## RECORDED DATA
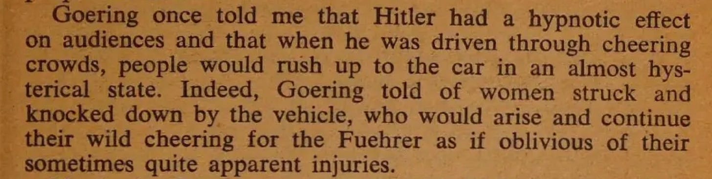 Hermann Göring: First of all, I had seen Germany crushed. And along comes a man who says “We can reclaim our former glory.” Would you not follow a man like this?
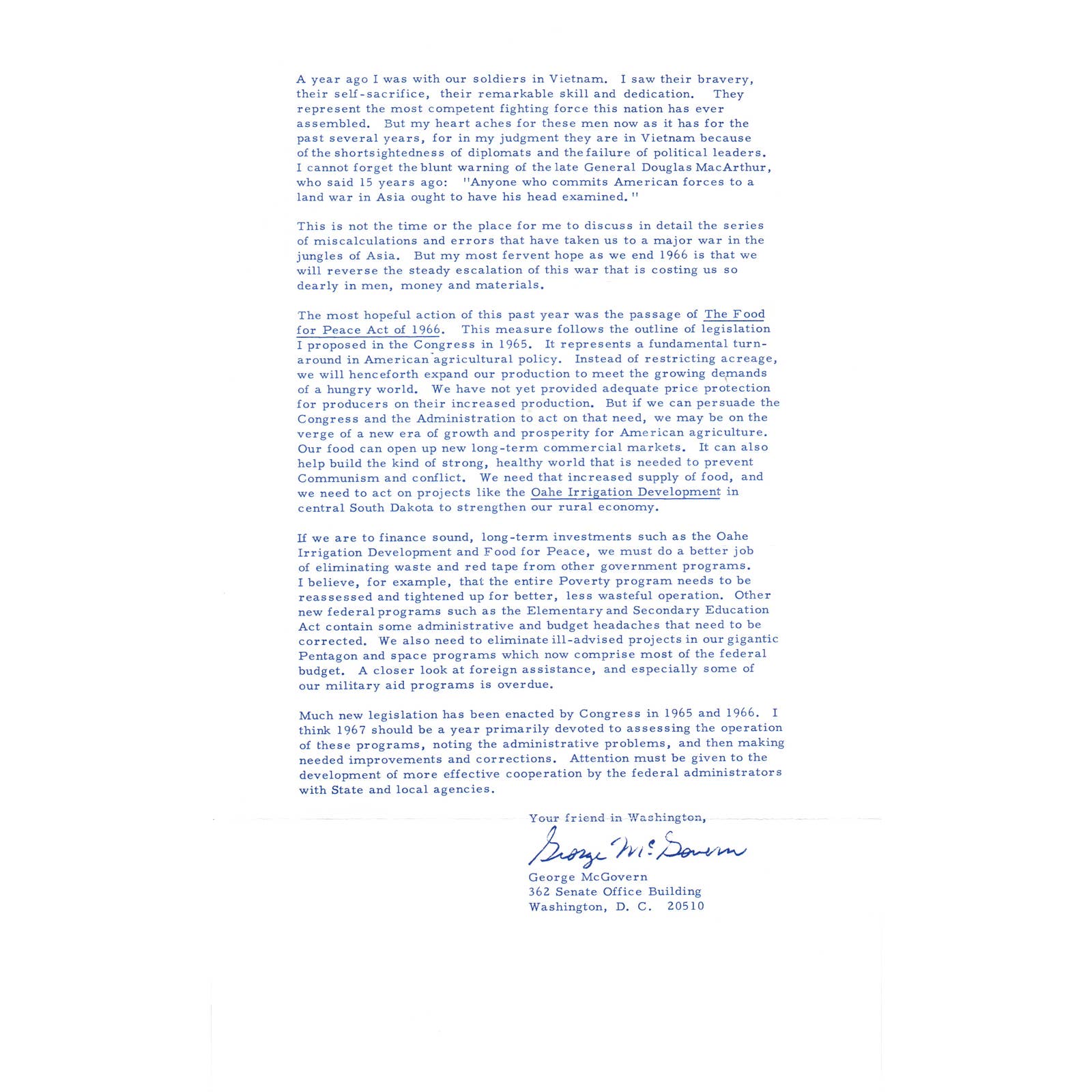 Senator George McGovern Reports Newsletter Dec 1966 Christmas TK1-P7
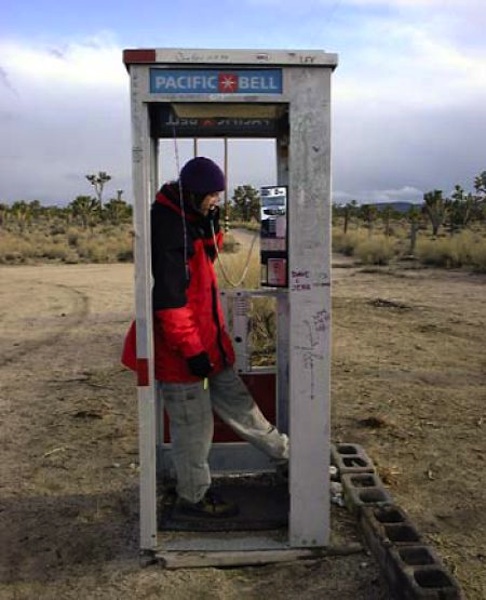 BY THE END OF THE 1990s THE MOJAVE-PHONE-BOOTH WAS GETTING CALLS FROM FROM ALL OVER THE WORLD, BE IT GERMANY, ENGLAND, ALBANIA, CANADA, NEW ZEALAND, AND FRANCE. ONE UNIQUE AMERICAN CALLER WAS AN 84 YEAR OLD WIDOW FROM BOSTON WHO WOULD PHONE THE BOOTH DAILY, AND SPEAK TO WHOEVER WAS THERE OR TO SEE IF ANYBODY WAS THERE. THIS WIDOW WOULD GET A CHARGE FROM THE THRILL OF TALKING TO SOMEBODY IN THE MIDDLE OF NOWHERE, AND THAT IS BASICALLY WHERE THE MOJAVE-PHONE-BOOTH WAS SITUATED, AT THE EDGE OF THE PLANET. I KIND OF THINK THE ENERGY OF THE MOJAVE-PHONE-BOOTH KEPT THE BOSTONIAN WIDOW ALIVE. THE PHONE BOOTH WAS A TONIC IN SO MANY DIFFERENT WAYS FOR THOSE THAT CALLED IN OR ANSWERED THE RING.
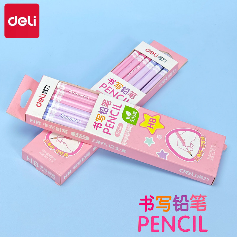 📚 得力S900三角杆铅笔儿童矫正握姿小学生专用HB无铅毒幼儿园铅笔

## DIRECTIONS
Repeat the data exactly, excluding the pictures.

## SOLUTION
 Hermann Göring: First of all, I had seen Germany crushed. And along comes a man who says “We can reclaim our former glory.” Would you not follow a man like this?
 Senator George McGovern Reports Newsletter Dec 1966 Christmas TK1-P7
 BY THE END OF THE 1990s THE MOJAVE-PHONE-BOOTH WAS GETTING CALLS FROM FROM ALL OVER THE WORLD, BE IT GERMANY, ENGLAND, ALBANIA, CANADA, NEW ZEALAND, AND FRANCE. ONE UNIQUE AMERICAN CALLER WAS AN 84 YEAR OLD WIDOW FROM BOSTON WHO WOULD PHONE THE BOOTH DAILY, AND SPEAK TO WHOEVER WAS THERE OR TO SEE IF ANYBODY WAS THERE. THIS WIDOW WOULD GET A CHARGE FROM THE THRILL OF TALKING TO SOMEBODY IN THE MIDDLE OF NOWHERE, AND THAT IS BASICALLY WHERE THE MOJAVE-PHONE-BOOTH WAS SITUATED, AT THE EDGE OF THE PLANET. I KIND OF THINK THE ENERGY OF THE MOJAVE-PHONE-BOOTH KEPT THE BOSTONIAN WIDOW ALIVE. THE PHONE BOOTH WAS A TONIC IN SO MANY DIFFERENT WAYS FOR THOSE THAT CALLED IN OR ANSWERED THE RING.
 📚 得力S900三角杆铅笔儿童矫正握姿小学生专用HB无铅毒幼儿园铅笔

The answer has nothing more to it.